The water tank 2100 has a tank lower body 2110 mounted on the water supply assembly 2200, upper and lower sides are opened, and coupled to an upper side of the tank lower body 2110, and the kangaroo body ( The lower side is closed by 2110, the tank middle body 2120 in which water is stored, and the upper and lower sides are opened to form a water tank opening 2101, and on the upper side of the tank middle body 2120 The combined tank upper body 2130, the water tank handle 2140 rotatably assembled to the tank upper body 2130, and the water stored in the tank lower body 2110 are supplied to the water It includes a water tank valve 2150 selectively supplied to the assembly 2200.

The tank lower body 2110 provides the bottom of the water tank 2100. The tank lower body 2110 has a valve hole 2111 penetrating in the vertical direction, and the water tank valve 2150 is assembled in the valve hole 2111. The valve hole 2111 is located at the rear side when viewed from the side of the water tank 2100.

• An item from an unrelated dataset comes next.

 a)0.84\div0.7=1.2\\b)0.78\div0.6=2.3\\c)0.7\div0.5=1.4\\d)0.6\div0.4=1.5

The distance from the center of the valve hole 2111 to the front of the water tank (tank front wall described later in this embodiment) is defined as T1, and the rear surface of the water tank from the center of the valve hole 2111 (this embodiment The distance from the first rear wall to be described later) is defined as T2. Here, the T1 is formed longer than the T2. By placing the valve hole 2111 on the rear side of the water tank 2100, when the tilting assembly is operated, leakage of the water tank valve 2150 can be minimized.

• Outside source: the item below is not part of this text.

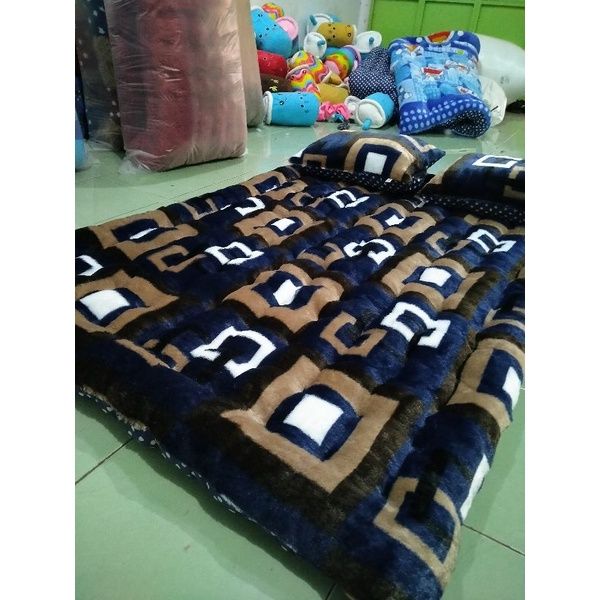 SUPER QUALITY Kasur Lantai BULU MOTIF KOTAK 1X14X1cm FREE 2bantal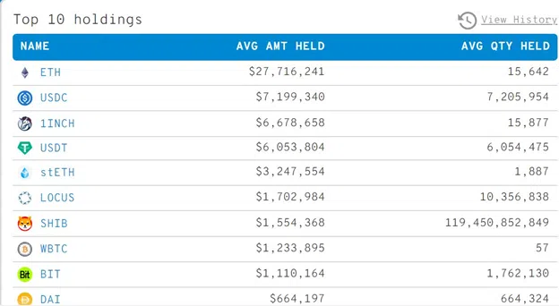 Số lượng 1INCH trung bình được nắm giữ là 15,877, tương ứng với 6.6 triệu USD. Số lượng USDT trung bình được nắm giữ là hơn 6 triệu USD một chút trong khi SHIB là khoảng 1.5 triệu USD.

When the tilting assembly is operated, the water tank valve 2150 is quickly closed only when the water tank 2100 is quickly separated from the water supply assembly 2200. Since the water tank 2100 is tilted forward with respect to the lower end, the water tank valve 2150 is preferably located at the rear side.

In this embodiment, the tank lower body 2110 has a rectangular shape when viewed from a top view. The tank lower body 2110 is generally formed in a rectangular parallelepiped shape, and the lower side is opened.

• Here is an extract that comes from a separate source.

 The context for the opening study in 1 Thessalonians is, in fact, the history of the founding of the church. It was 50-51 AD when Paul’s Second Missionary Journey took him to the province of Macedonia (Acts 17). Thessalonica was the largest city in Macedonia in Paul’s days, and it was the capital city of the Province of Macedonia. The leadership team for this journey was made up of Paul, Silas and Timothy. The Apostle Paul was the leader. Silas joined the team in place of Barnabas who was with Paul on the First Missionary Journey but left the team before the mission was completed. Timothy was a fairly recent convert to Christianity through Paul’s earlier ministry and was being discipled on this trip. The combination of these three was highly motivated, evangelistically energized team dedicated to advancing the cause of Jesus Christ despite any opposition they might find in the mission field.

The tank lower body 2110 has a lower body space 2112 formed therein, and the lower body space 2112 is opened downward. A part of the water supply assembly 2200 may be inserted into the lower body space 2112.

The tank lower body 2110 is detachably mounted on the water supply assembly 2200. The tank lower body 2110 has its front, left, right, and upper surfaces closed.

The tank middle body 2120 includes a middle body upper opening 2121 with an upper side open and a middle body lower opening 2122 with an open lower side.

In the tank middle body 2120, the front, left, right and rear surfaces are closed, and only the upper and lower surfaces are opened. The tank middle body 2120 includes a tank front wall 2123, a tank left wall 2124, a tank light wall 2125, and a tank rear wall 2126.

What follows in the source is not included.